Nothing in the copy should be a picture; everything else in the listing is to be restated exactly.
*** Opening DATASET SECTION ***
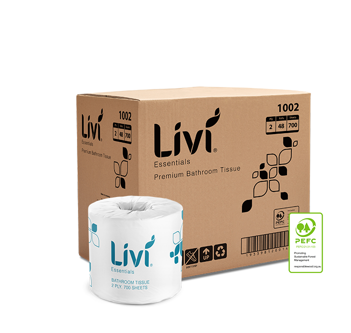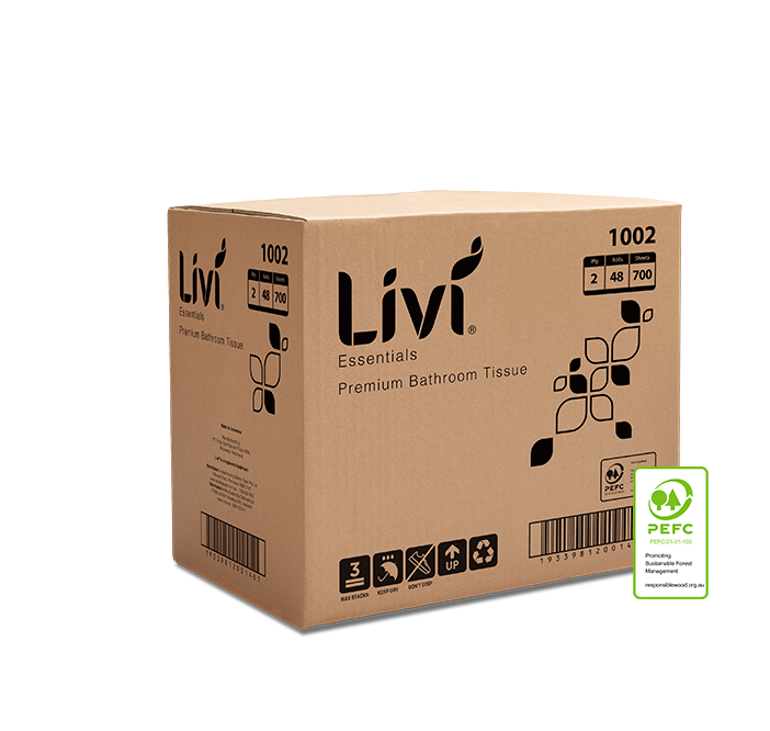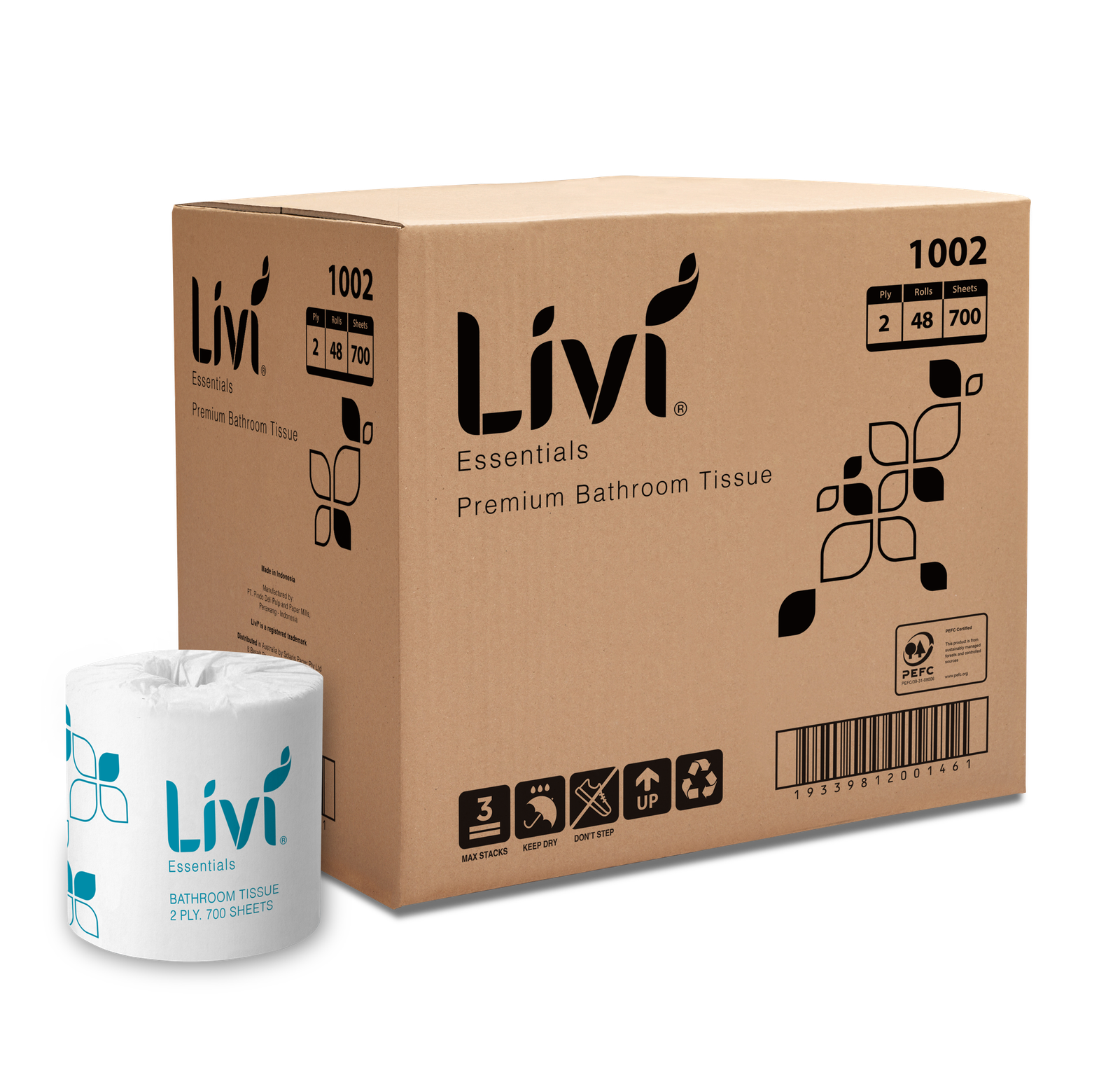 Everyday Executive quality – the Livi Essentials 1002 toilet paper delivers a soft and absorbent quality toilet paper at an affordable price. Each toilet paper roll has a lovely emboss for comfort and performance and individual wrapped for fresh presentation in modern facilities. The Livi Essentials 1002 is available in 48 toilet paper rolls per carton, and is ideal for small to medium sized washrooms.
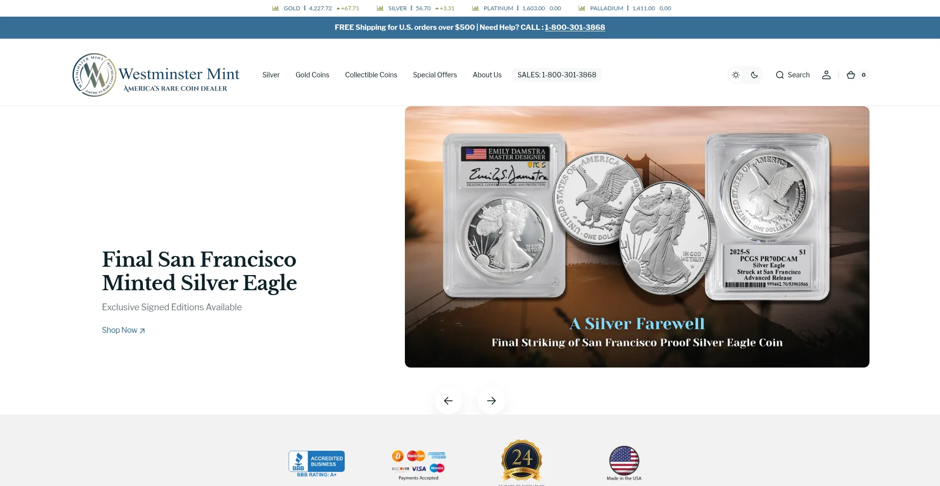 Westminster Mint Numismatics Rarities - Gold, Silver Bullion and coins
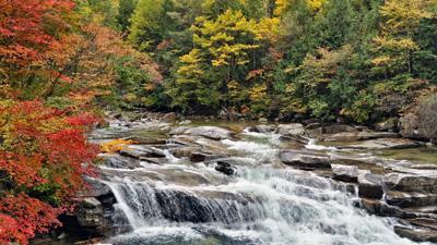 日本三大美林の一つ、赤沢自然休養林に至る渓谷沿いの樹林が色づき、檜林の深い緑に映える紅葉を楽しめる。オープントロッコもあり、乗りながら眺める極彩色の森林は圧巻。10月中旬から下旬にかけてが見頃。
*** Closing DATASET SECTION ***
RESULT OF THE EXERCISE
 Everyday Executive quality – the Livi Essentials 1002 toilet paper delivers a soft and absorbent quality toilet paper at an affordable price. Each toilet paper roll has a lovely emboss for comfort and performance and individual wrapped for fresh presentation in modern facilities. The Livi Essentials 1002 is available in 48 toilet paper rolls per carton, and is ideal for small to medium sized washrooms.
 Westminster Mint Numismatics Rarities - Gold, Silver Bullion and coins
 日本三大美林の一つ、赤沢自然休養林に至る渓谷沿いの樹林が色づき、檜林の深い緑に映える紅葉を楽しめる。オープントロッコもあり、乗りながら眺める極彩色の森林は圧巻。10月中旬から下旬にかけてが見頃。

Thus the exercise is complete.